Return only the lines of the data below from the line with "Πιο συγκεκριμένα, την" up to and including the line with "Cheval funéraire en", exactly as written, with the pictures omitted.

-- RECORDS SHOWN follows --

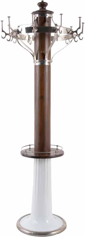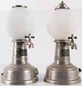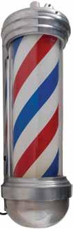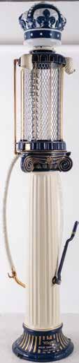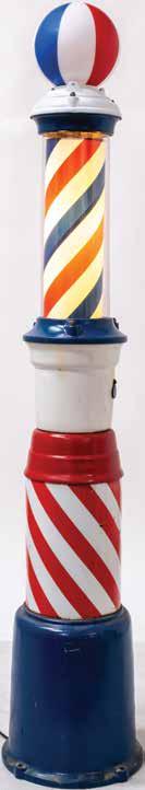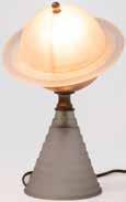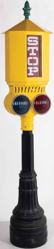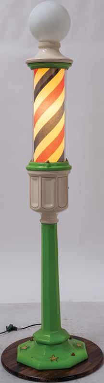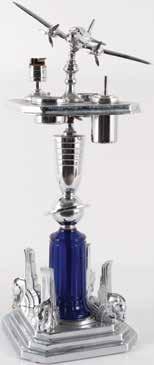 7” X 7” X 25 -1/2” CONDITION: It shows original paint to the base and column, original knobs on the front, ceramic shade, and correct switches with a replaced electrical cord. Not marked for the maker. The paint to the base shows some areas of scrapes and paint loss. There are some areas of oxidation to the paint, but overall with a great Art Deco image. (Good - Very Good). 500 - 1,000
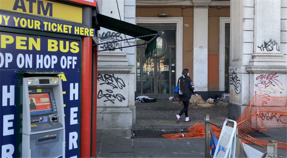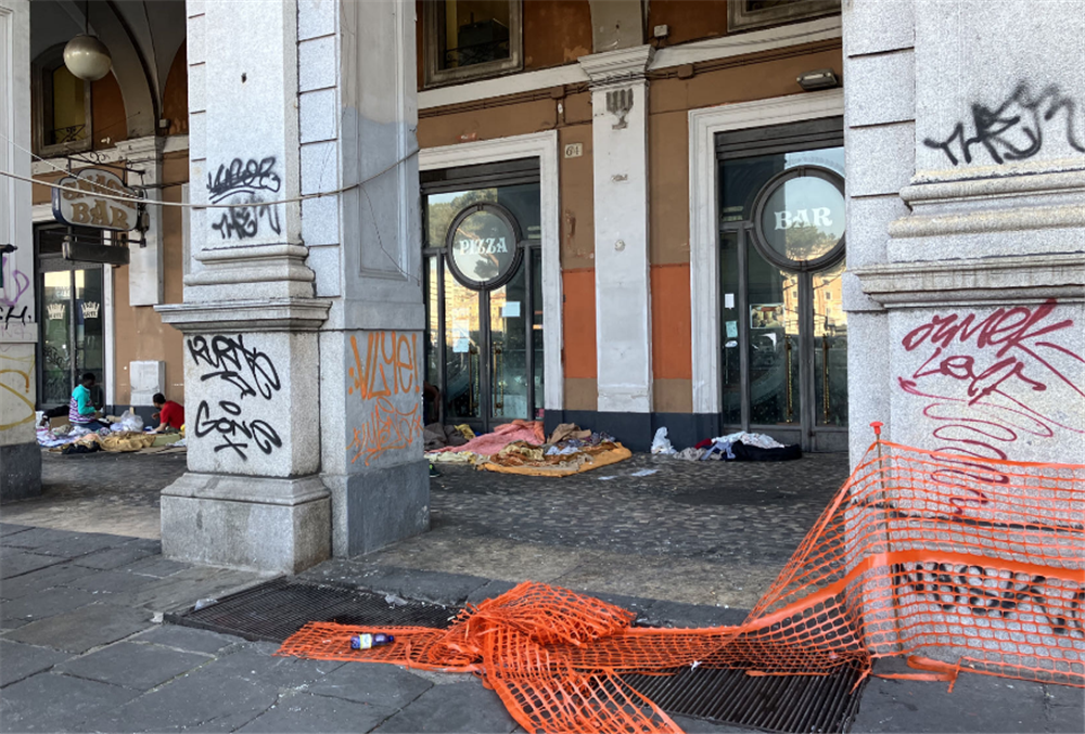 尤其在火车站前广场旁,有数十名无家可归人员长期蜗居在商铺门前的拱廊下。这不但可能导致社会问题和安全隐患,也影响了周围环境的卫生状况。
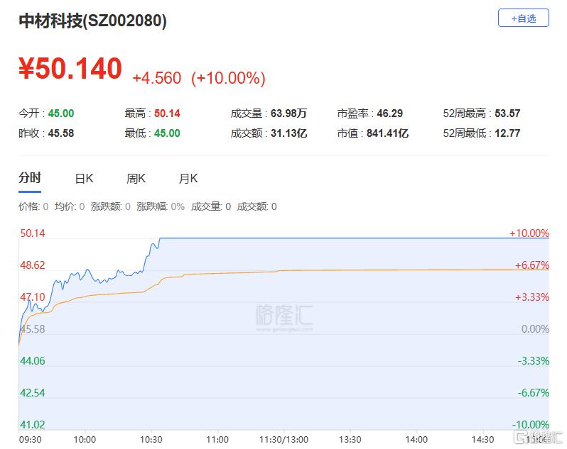 孙哥:净买入中材科技3.337亿元
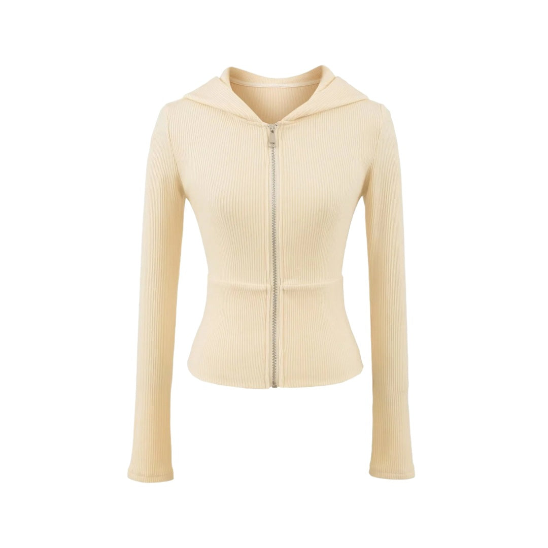 高腰性感連帽拉鍊微喇叭褲套裝(杏)
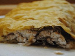 Блинный пирог с курицей и грибами
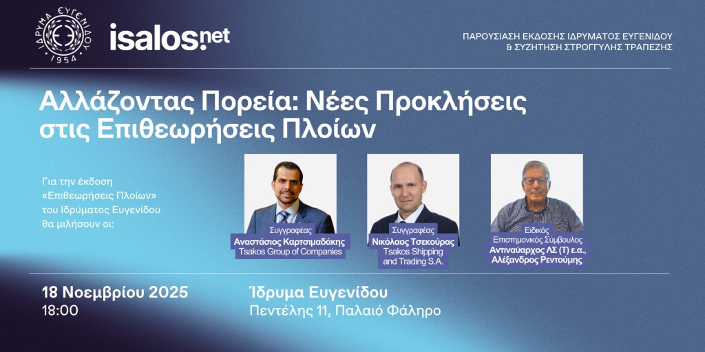 Πιο συγκεκριμένα, την Τρίτη 18 Νοεμβρίου 2025 και ώρα 18:00 στο Αμφιθέατρο του Ιδρύματος Ευγενίδου, θα λάβει χώρα η εκδήλωση με τίτλο «Αλλάζοντας Πορεία: Νέες Προκλήσεις στις Επιθεωρήσεις Πλοίων».
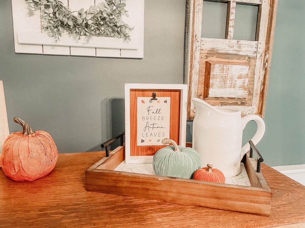 How cute does the art print look on my buffet cabinet? I’ve paired it with a tray from a previous Decocrated box, and the pumpkins from the Fall 2020 Box!
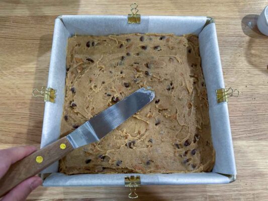 - Assemble the Blondies. Spread the batter evenly into the prepared pan.
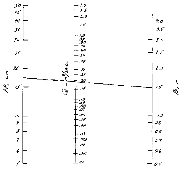 Figure 8-5 is a special type of chart called a nomograph showing the flow through a rectangular weir as a function of the depth, H. The coordinates on the chart are logarithmic scale rather than linear scale. Also, the flow is in cubic meters per second per meter of width.
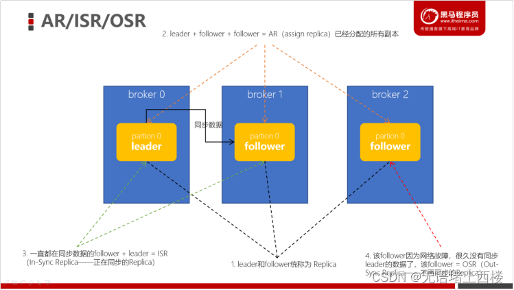 - 由于follower副本同步滞后过多的副本(不包括 leader 副本)组成 「OSR」(Out-of-Sync Replias)
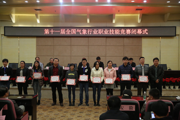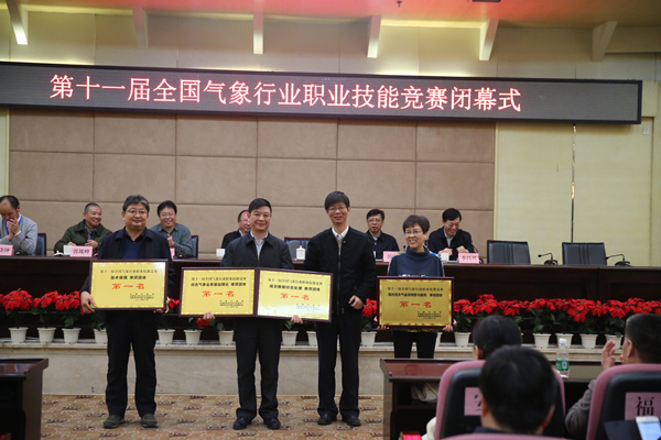 王劲松宣布获奖名单。来自河北省代表队的孟丽红综合能力突出,获得个人全能一等奖,来自河北省代表队的郭义涛和来自山东省代表队的干兆江获得个人全能二等奖;河北省代表队、云南省代表队和内蒙古代表队分获优秀团体奖前三名;非气象部门行业选手成绩最优者为来自新疆生产建设兵团气象局的曾桂婷;云南省代表队较上届竞赛进步了17名,摘得团体最快进步奖。
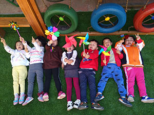 春天是彩色的季节,孩子们手中拿着五颜六色的风车在美美的校园里奔跑,开心极了。有的小朋友在研究怎样让风车转起来,有的小朋友在研究怎样让风车转的更快些...孩子们试了很多种方法,积极探索,勇敢奔跑。风车给孩子们带来了无穷的乐趣。本次健康活动锻炼了幼儿四肢协调能力和对风向、风阻的初步了解。
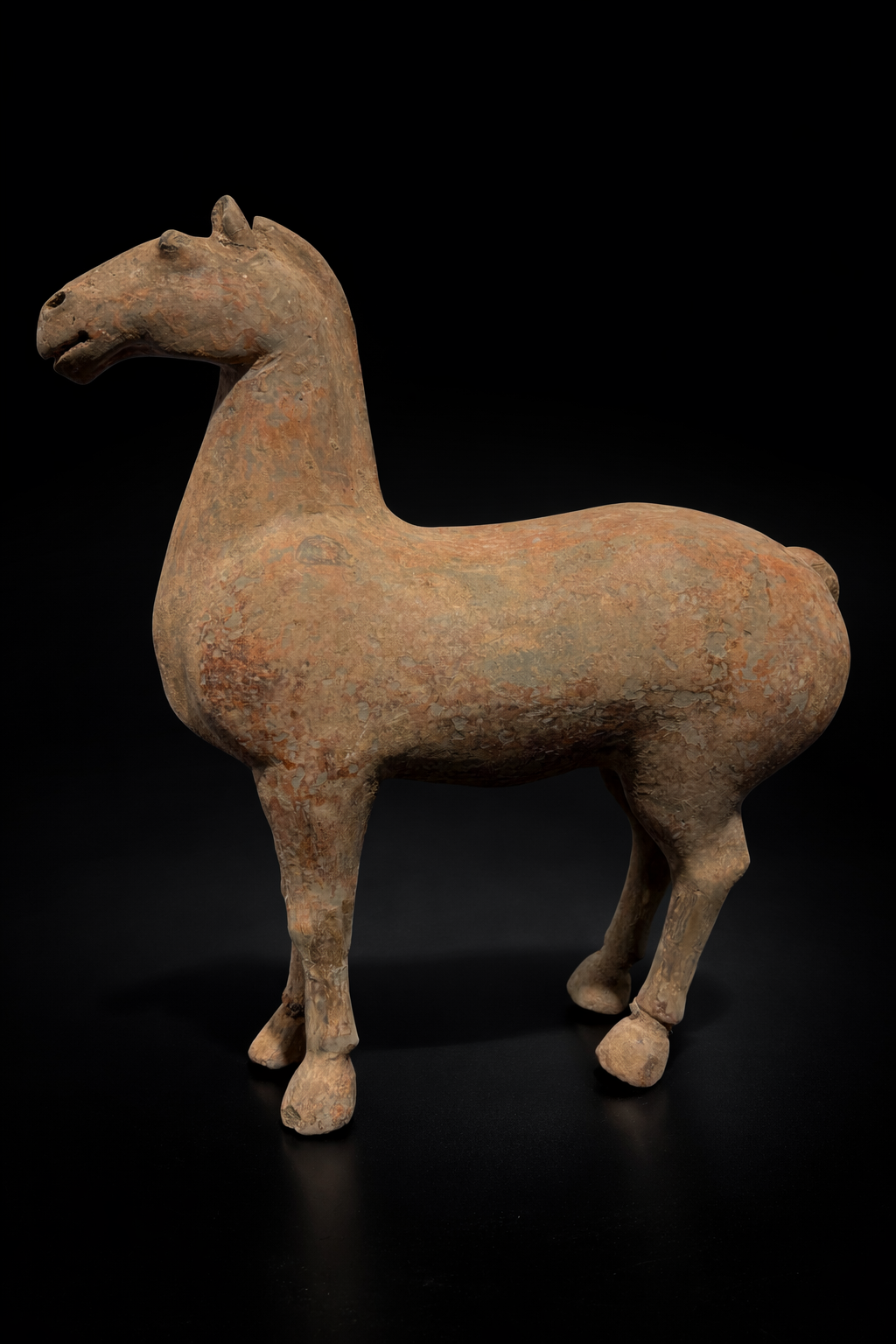 Cheval funéraire en terre cuite, datant de la dynastie des Han, représentant un équidé debout, à l’encolure dressée et à la tête légèrement avancée, dans une posture calme et stable. La silhouette est compacte et harmonieuse, le corps plein et légèrement cylindrique, les membres droits, terminés par des sabots stylisés reposant fermement sur un plan horizontal. La tête, au modelé sobre et expressif, présente des naseaux creusés, une bouche entrouverte et des oreilles dressées. L’encolure puissante s’inscrit dans une ligne continue jusqu’au garrot. La queue courte, détachée en léger relief à l’arrière-train, s’inscrit dans la tradition formelle Han. La terre cuite, à pâte ocre-gris, présente une surface richement texturée, avec de nombreuses traces d’engobe et de pigments résiduels brun-rouge et ocre, révélant un enfouissement ancien. Les variations chromatiques, les micro-écaillages naturels et les concrétions minérales superficielles témoignent d’une longue période de sépulture.
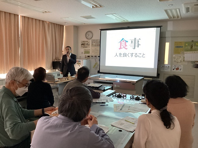キユーピー株式会社から講師をお招きし、シニア世代に必要な栄養素や食事を楽しむことの大切さを講義していただきました。
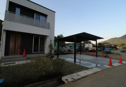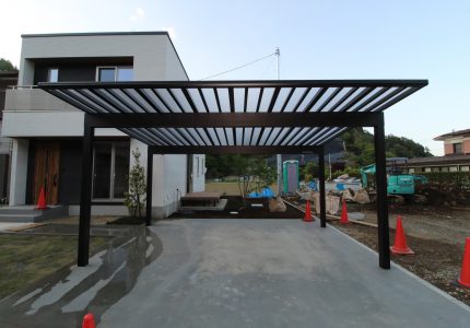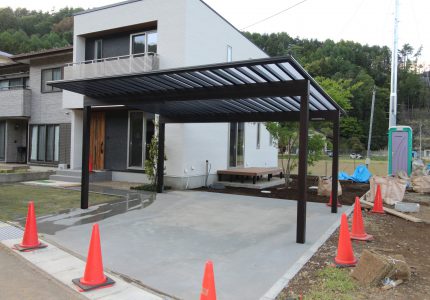 新築住宅へカーポート設置のご依頼をいただき、YKK AP『エフルージュ ツイン(積雪50cm仕様)』を施工させていただきました。
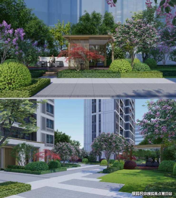 朗阔竹木平台结合阳光草坪,以花树半围合,打造林下会客厅,尊荣社交门面。
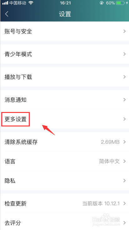 在列表项中找到“更多设置”并进入。

-- RECORDS SHOWN concluded --

**OUTPUT FOR THIS TASK:**
 Πιο συγκεκριμένα, την Τρίτη 18 Νοεμβρίου 2025 και ώρα 18:00 στο Αμφιθέατρο του Ιδρύματος Ευγενίδου, θα λάβει χώρα η εκδήλωση με τίτλο «Αλλάζοντας Πορεία: Νέες Προκλήσεις στις Επιθεωρήσεις Πλοίων».
 How cute does the art print look on my buffet cabinet? I’ve paired it with a tray from a previous Decocrated box, and the pumpkins from the Fall 2020 Box!
 - Assemble the Blondies. Spread the batter evenly into the prepared pan.
 Figure 8-5 is a special type of chart called a nomograph showing the flow through a rectangular weir as a function of the depth, H. The coordinates on the chart are logarithmic scale rather than linear scale. Also, the flow is in cubic meters per second per meter of width.
 - 由于follower副本同步滞后过多的副本(不包括 leader 副本)组成 「OSR」(Out-of-Sync Replias)
 王劲松宣布获奖名单。来自河北省代表队的孟丽红综合能力突出,获得个人全能一等奖,来自河北省代表队的郭义涛和来自山东省代表队的干兆江获得个人全能二等奖;河北省代表队、云南省代表队和内蒙古代表队分获优秀团体奖前三名;非气象部门行业选手成绩最优者为来自新疆生产建设兵团气象局的曾桂婷;云南省代表队较上届竞赛进步了17名,摘得团体最快进步奖。
 春天是彩色的季节,孩子们手中拿着五颜六色的风车在美美的校园里奔跑,开心极了。有的小朋友在研究怎样让风车转起来,有的小朋友在研究怎样让风车转的更快些...孩子们试了很多种方法,积极探索,勇敢奔跑。风车给孩子们带来了无穷的乐趣。本次健康活动锻炼了幼儿四肢协调能力和对风向、风阻的初步了解。
 Cheval funéraire en terre cuite, datant de la dynastie des Han, représentant un équidé debout, à l’encolure dressée et à la tête légèrement avancée, dans une posture calme et stable. La silhouette est compacte et harmonieuse, le corps plein et légèrement cylindrique, les membres droits, terminés par des sabots stylisés reposant fermement sur un plan horizontal. La tête, au modelé sobre et expressif, présente des naseaux creusés, une bouche entrouverte et des oreilles dressées. L’encolure puissante s’inscrit dans une ligne continue jusqu’au garrot. La queue courte, détachée en léger relief à l’arrière-train, s’inscrit dans la tradition formelle Han. La terre cuite, à pâte ocre-gris, présente une surface richement texturée, avec de nombreuses traces d’engobe et de pigments résiduels brun-rouge et ocre, révélant un enfouissement ancien. Les variations chromatiques, les micro-écaillages naturels et les concrétions minérales superficielles témoignent d’une longue période de sépulture.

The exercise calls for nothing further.